Santa Fe, NM - May 16-31, 2011
In spring 2009 we spent a very delightful month in Santa Fe, two weeks of which were spent working with Habitat for Humanity.  We had such good memories of the experience we decided to do it again.  Unfortunately, Susan hurt her arm while we were in Florence, AZ and we had to cancel our Habitat commitment, but chose to spend a couple of weeks at Santa Fe Skies RV Resort anyway.

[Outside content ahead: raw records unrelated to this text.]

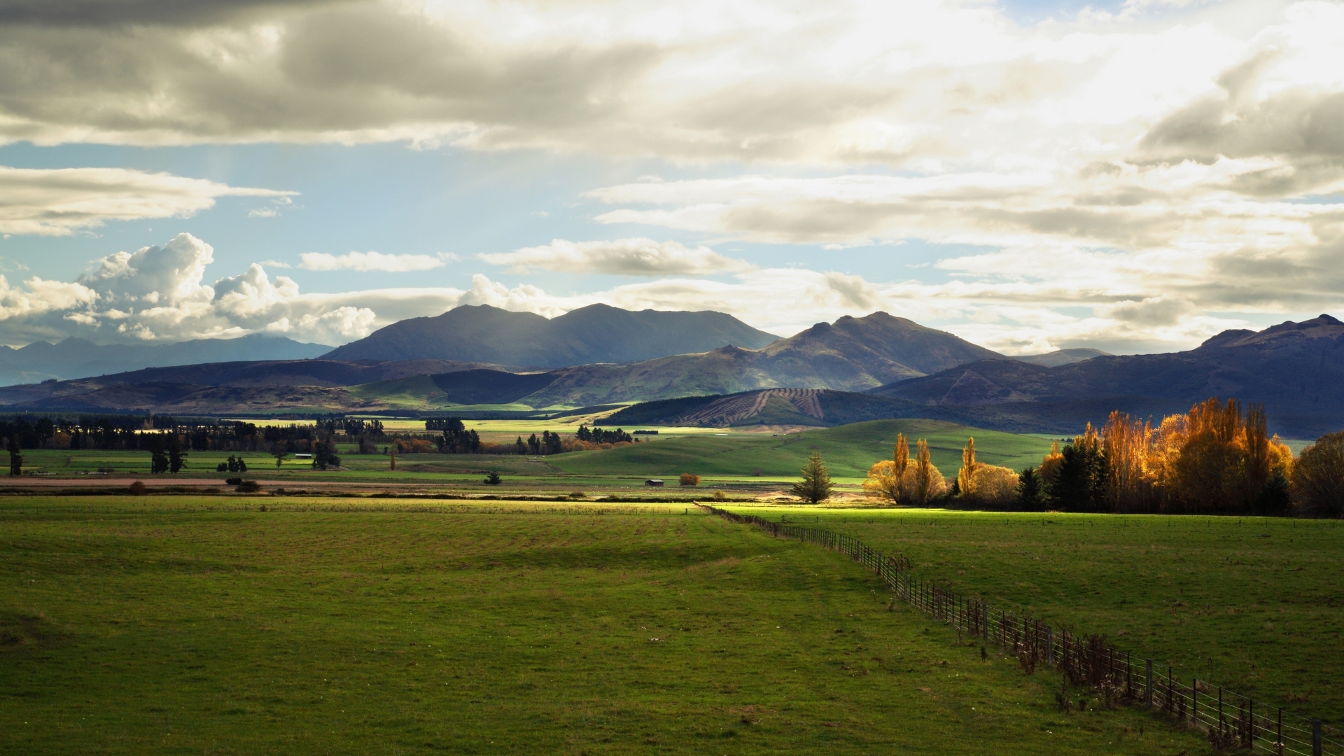 Description: A field with mountains in the background and a fence in the foreground with a fence in the foreground.
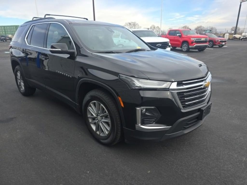 Carbravo Certified, One Owner, Carfax- Accident Free, Apple CarPlay, Android Auto, Keyless Entry, Auto Check - Accident free, Back Up Camera, Blind Spot Monitoring, Bluetooth, Heated seats, Forward Collision Alert, Lane Assist, Power Locks, Power Seating, Power Windows, Push Button Start, Rear Traffic Alert, Remaining factory warranty, Remote Power Liftgate, Remote start, Lane Change Alert, Carfax Buyback Guarantee, Traverse LT 1LT, 4D Sport Utility, 3.6L V6 SIDI VVT, 9-Speed Automatic, FWD, Mosaic Black Metallic, Jet Black Cloth, 2-Way Manual Front Passenger Seat Adjuster, 3.49 Axle Ratio, 3rd row seats: split-bench, 4-Wheel Disc Brakes, 4.2 Multi-Color Enhanced Driver Instrument Display, 6-Speaker Audio System Feature, 8-Way Power Driver Seat Adjuster, ABS brakes, Apple CarPlay/Android Auto, Auto High-beam Headlights, Automatic temperature control, Black Roof Rails, Brake assist, Bumpers: body-color, Compass, Convenience & Driver Confidence Package, Delay-off headlights, Driver door bin, Driver vanity mirror, Dual front impact airbags, Dual front side impact airbags, Electronic Stability Control, Emergency communication system, Exterior Parking Camera Rear, Four wheel independent suspension, Front anti-roll bar, Front Bucket Seats, Front Center Armrest, Front dual zone A/C, Front reading lights, Fully automatic headlights, Heated door mirrors, Heated Driver & Front Passenger Seats, Illuminated entry, Leather steering wheel, Low tire pressure warning, Occupant sensing airbag, Outside temperature display, Overhead airbag, Overhead console, Panic alarm, Passenger door bin, Passenger vanity mirror, Power door mirrors, Power Driver Lumbar Control, Preferred Equipment Group 1LT, Premium Cloth Seat Trim, Radio: Chevrolet Infotainment 3 Plus System, Radio: Chevrolet Infotainment System AM/FM Stereo, Rear air conditioning, Rear anti-roll bar, Rear Power Liftgate, Rear reading lights, Rear window defroster, Rear window wiper, Remote keyless entry, Remote Start, Security system, SiriusXM Radio, Speed control, Speed-sensing steering, Spoiler, Steering wheel mounted audio controls, Tachometer, Telescoping steering wheel, Tilt steering wheel, Traction control, Trip computer, Turn signal indicator mirrors, Universal Home Remote, Variably intermittent wipers, Voltmeter, Wheels: 18 Bright Silver-Painted Aluminum. CARFAX One-Owner. Clean CARFAX. Certified. Mosaic Black Metallic 2023 Chevrolet Traverse LT 1LT FWD 9-Speed Automatic 3.6L V6 SIDI VVT
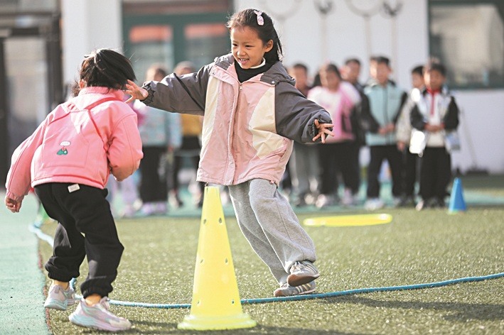 近日,在东营市东营区黄河路街道中心幼儿园操场上,各年龄段幼儿在晨间户外体能循环自主探索活动中尽情享受运动的快乐。图为幼儿在玩“猫捉老鼠”游戏。(缪宏伟)
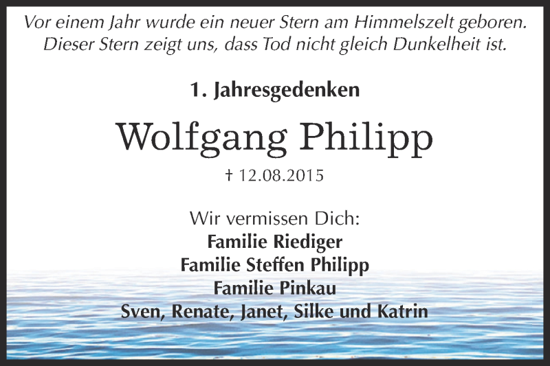 Hier finden Sie alle Traueranzeigen aus der Zeitung, die bisher für Wolfgang Philipp erschienen sind. Weitere Traueranzeigen, die in der Zeitung erscheinen, werden hier ebenfalls aufgelistet
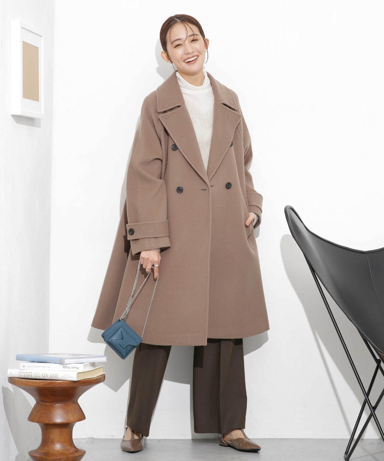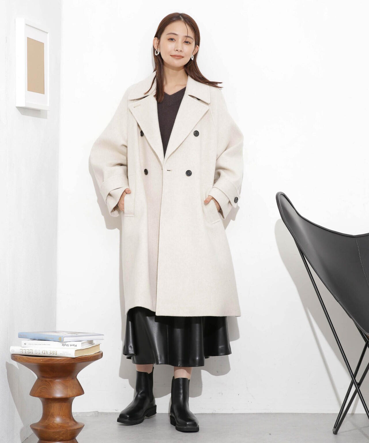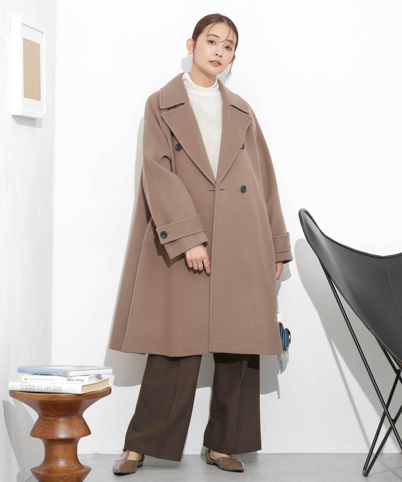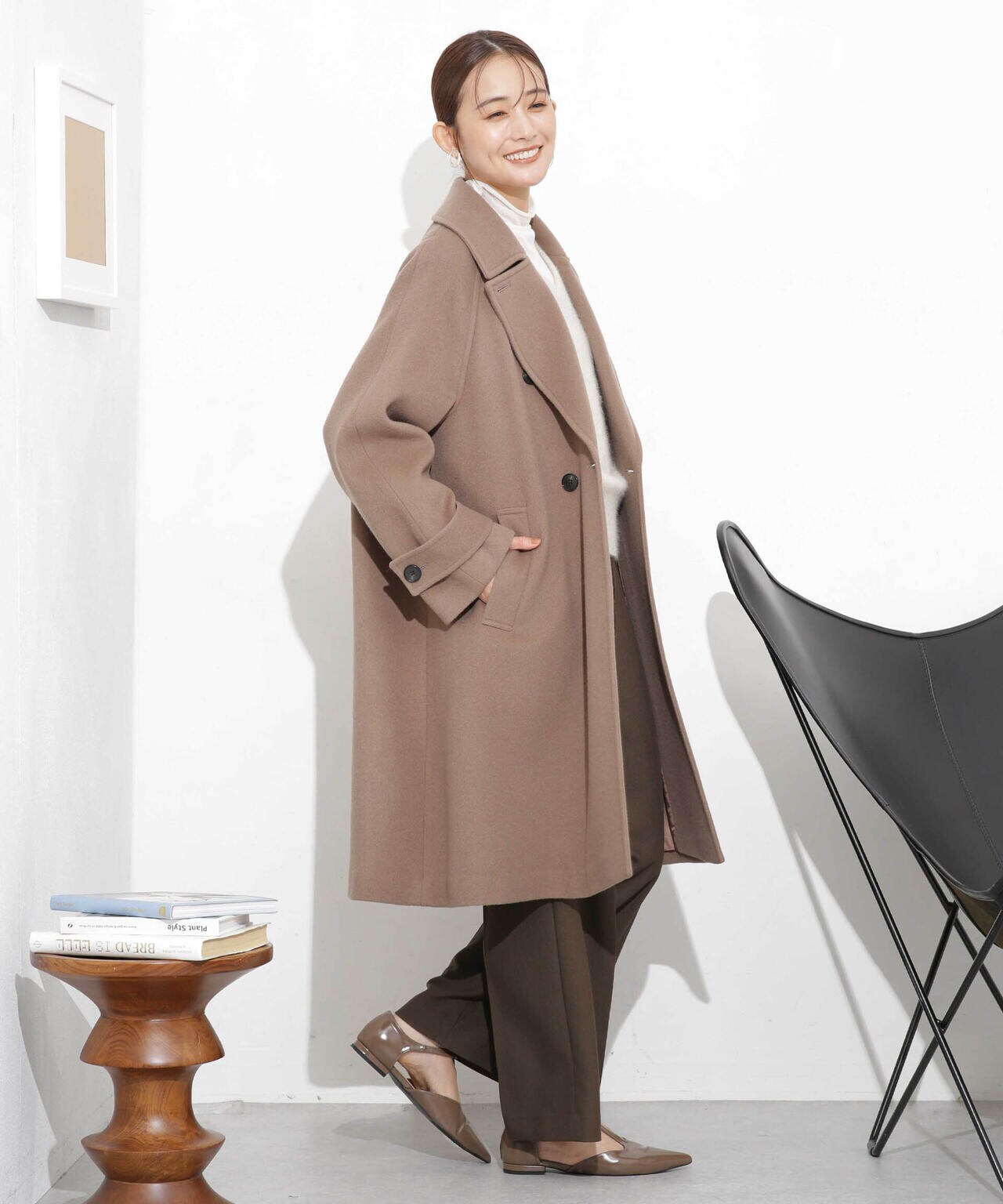 ・身頃から裾にかけて広がるシルエットが大人フェミニンなAラインコート
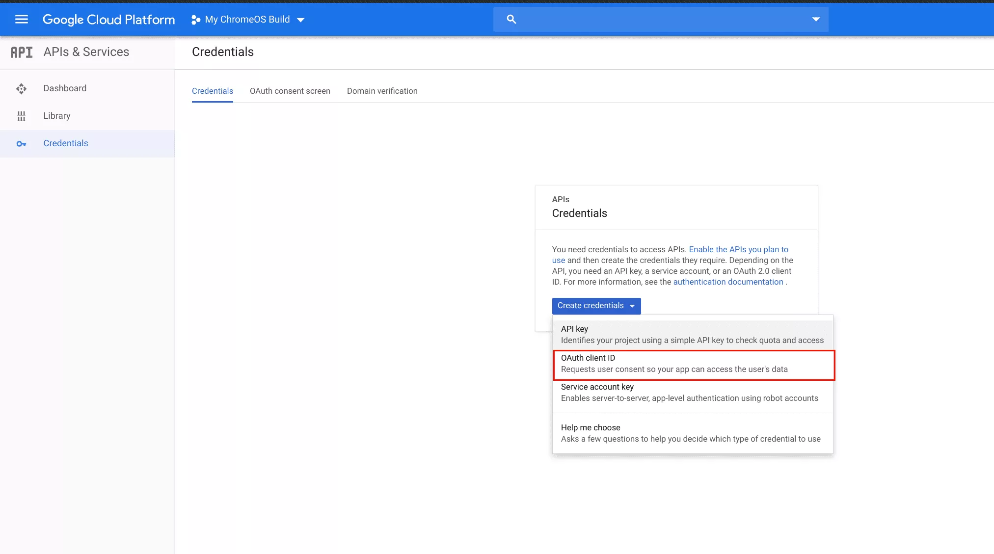 One you have enabled all of the API options above, go back to the main menu of the Cloud Development Console and select “APIs & Services” and select “Credentials”. Click on “OAuth Client”
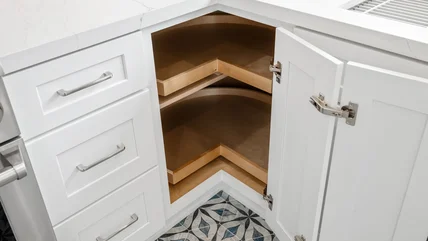 Lazy Susans in corner kitchen cabinets are anything but lazy. They enable you to store your kitchen essentials neatly on that magical, spinning, two-tier circular shelving unit that prevents you from having to reach too far back for that mixing bowl or pitcher. But sometimes as you pile stuff onto your lazy Susan slots, you might ask yourself if you could be using that space more efficiently. It seems like there are corners in the back that are going unused. Maybe this Susan is lazy after all. It might be time for a solution that gives you space to store that long pancake griddle or other unusually shaped pots and pans. Enter the return of shelves to maximize cupboard room.
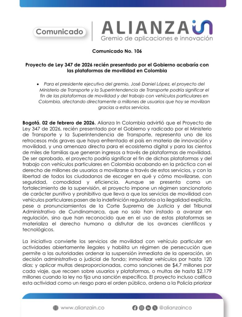 A través del Comunicado No. 106, emitido el 2 de febrero de 2026 en Bogotá, el gremio sostuvo que la iniciativa representa un cambio sustancial en el tratamiento normativo de estos servicios y tendría impactos directos tanto en los usuarios como en las personas que generan ingresos a través de estas plataformas. Según Alianza In, el proyecto “podría significar el fin de las plataformas de movilidad y del trabajo con vehículos particulares en Colombia”.

Like the rest of the nation, Santa Fe was experiencing less than ideal weather manifested in constant wind.  If we didn't get out early to do things in the area before the winds picked up, we would end up staying in the motorhome.  So, on occasion we got out early to explore beautiful Santa Fe, and trek down to Albuquerque, and Bill got a satisfying round of golf in at Black Mesa Golf Club in Espanola.  On perfectly clear day we took a butt-kicking hike in the Sangre de Cristo Mountains, finishing the hike about five minutes ahead of a thunderstorm.

In a vain effort to escape the winds we drove over the mountains to Las Vegas, NM, stopping at the Pecos National Historic Park along the way.  Prior to the arrival of the Spanish in 1540, the Pecos Indians provided a center for trade between the farmers of the Rio Grande Valley and the hunters of the Plains.  Today, all that remains of this once vibrant trading center are the ruins of the pueblos, kivas and the Spanish mission.  If you are in the area, the Pecos National Historic Park is worth a visit.

We lunched at Estelle's in Las Vegas, before meandering up the eastern slope of the Sangre de Cristos.  Estelle's is a funky little run down, family-owned café in the town's historic section.  I mean it is really shabby.  We talked to one of the family members that told us the place was originally a hardware store and in the 1920's his great-grandparents turned it into a restaurant.  I don't think it has been renovated since.  There were still dusty Christmas, New Years, Day of the Dead, St. Patrick's Day and Easter decorations hanging from semi-functioning light fixtures and, what appeared to be, cabinets from its hardware store days.  The place had character - and moderately good food.

While we really like Santa Fe, this year, due to the incessant wind, when June 1 arrived we were happy to be heading north.